Remember this advertisement during the presidential campaign in 2008? John McCain attacked Barack Obama's stance on age-appropriate sex education for all children, including Kindergartners.
Basically, Barack Obama supports age-appropriate sex-ed. In Kindergarten, that's teaching young children "good touch/bad touch" and ways that kids can protect themselves from pedophiles, like not talking to strangers, not going into a car of anyone they don't know, and telling a trusted adult if they've been touched inappropriately. It turned out that the bill wasn't even passed during Obama's time in the Illinois State Senate, and he wasn't even a co-sponsor, so it blew over and Barack Obama won the election.
Let's fast forward to 2011. Kind of a lot has changed in less than 3 years, but there haven't been such radical changes taking place from where conservatives have kittens over someone somewhere suggesting that 5-year-olds know the difference between appropriate and inappropriate touching to where talking to those same kids about abortion is a-OK. But apparently it has, in this second wind of hippie free love, I guess.
Congressman Steve King (R-IA) admitted that he talks to children of all grade levels, including Kindergartners, about abortion. He said:
I often go into a high school auditorium or meet with people at even the K-through-12 level in their entirety, and I will tell them: “You will be asked to answer one of the most profound moral questions of our age and that is where do you stand on the abortion issue. And you need to only ask and answer two questions. The first question is do you believe that human life is sacred in all of its forms. Is the person sitting to your left and to your right and everyone in this room, is their life sacred?” And they’ll nod their heads.
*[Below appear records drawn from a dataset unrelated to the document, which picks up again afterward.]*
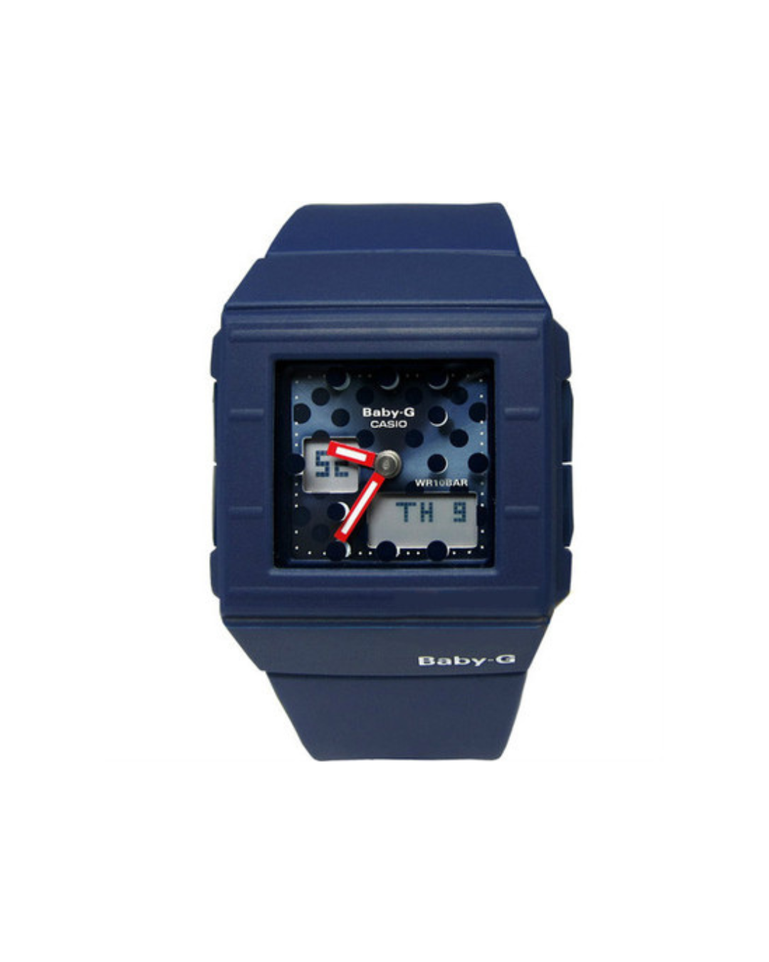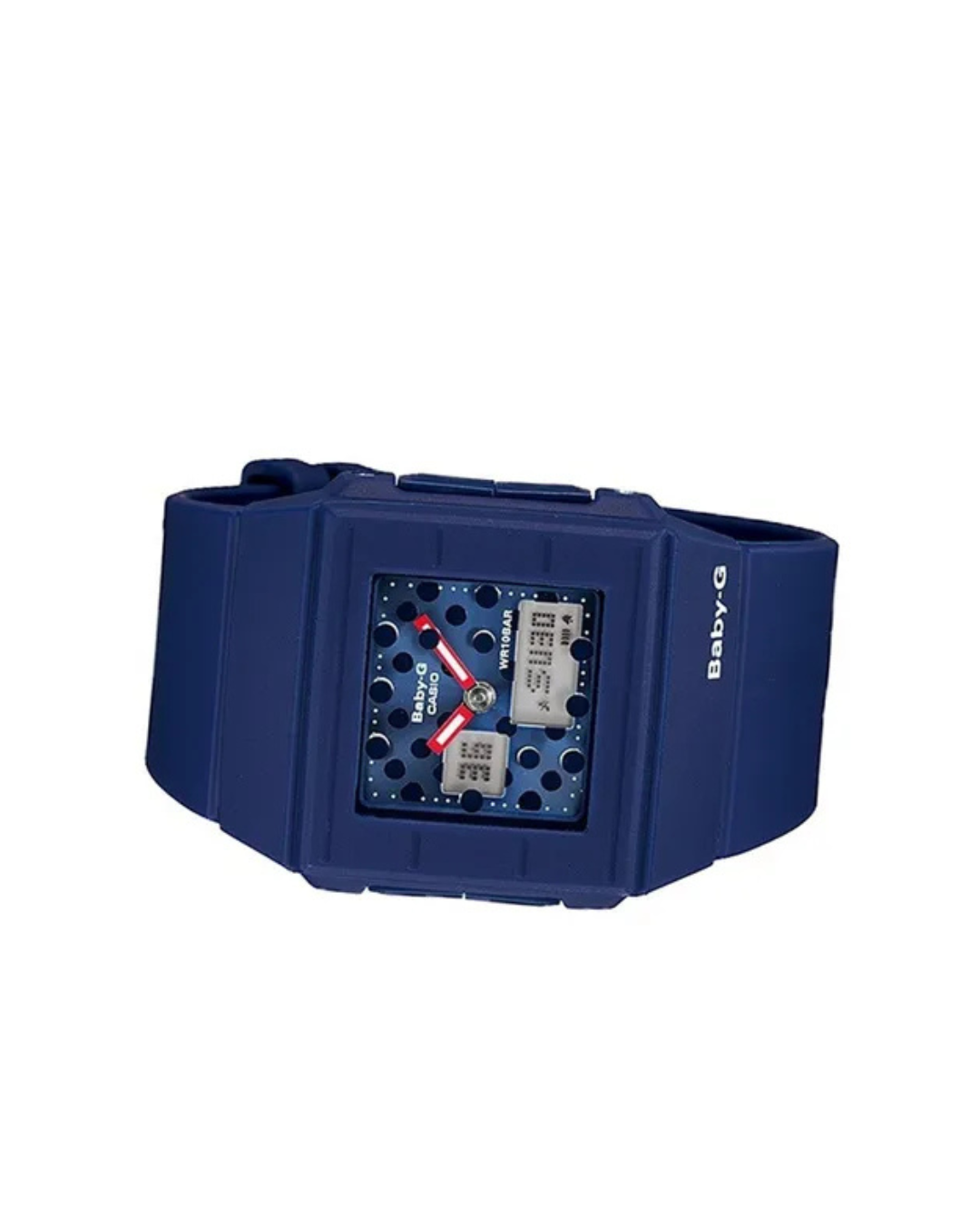 El Casio Baby-G BGA-200DT-2E presenta un diseño deportivo en tono azul con detalles en contraste que le aportan un estilo moderno y urbano. Su estética incorpora un patrón decorativo dinámico en la esfera que genera un efecto visual cambiante según la luz, junto con un formato analógico-digital que aporta profundidad y carácter.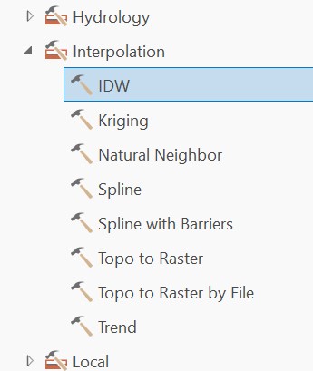 The Natural Neighbor tool is the simplest approach to interpolation. This tool should generally be reserved only for modelling flat areas with minimal topographic variation.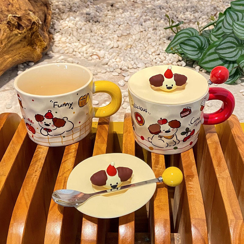 Zuo Mu Ceramic Mug With Lid 350ml Heat Resistant Cute Puppy Design Perfect Gift For Women Office Coffee Cup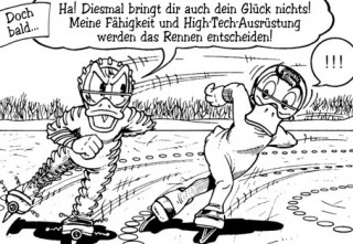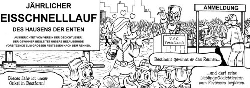 InhaltDonald nimmt am jährlichen Eisschnelllauf teil, bei dem der Sieger die Vorsitzende vom Verein der Gedichtleser, Daisy, beim Festessen begleiten darf. Allerdings gibt es für Donald auch harte Konkurrenz: Gustav, der ewige Glückspilz nimmt ebenfalls am Rennen teil. Wie das Ganze ausgeht, wird an dieser Stelle nicht verraten. |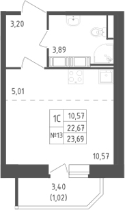 - S общая: 22.67 м2

Yes, which would mean they're pro-choice. Anti-choicers certainly don't see the life of the pregnant woman as sacred, since they see her death in childbirth or suicide as no great loss to humanity. Needless to say, that's not age-appropriate. It's also a stupid argument to make, and it's why I hate it when men and self-righteous teens are asked about this very profound moral question. Men in particular can have a really nice philosophical debate about abortion, because they don't experience abortion in the slightest, and they never will. Men might like to think that they experience it in the same way that women do, but that's because they're really stupid assholes who believe their superior man-brains and powerful imaginations can make them feel that way. The point is, the only person who can answer that question honestly is the woman experiencing the pregnancy and making the decision herself. It's really easy to say "I believe all life is sacred," or even, "Abortion is a morally acceptable decision all the time," and all of that philosophy flies out the window once she sees a plus sign on the pregnancy test. Oops. So to even pose that question to students who are too young to experience pregnancy or make a moral judgment is totally age-inappropriate and a bit brain-washy.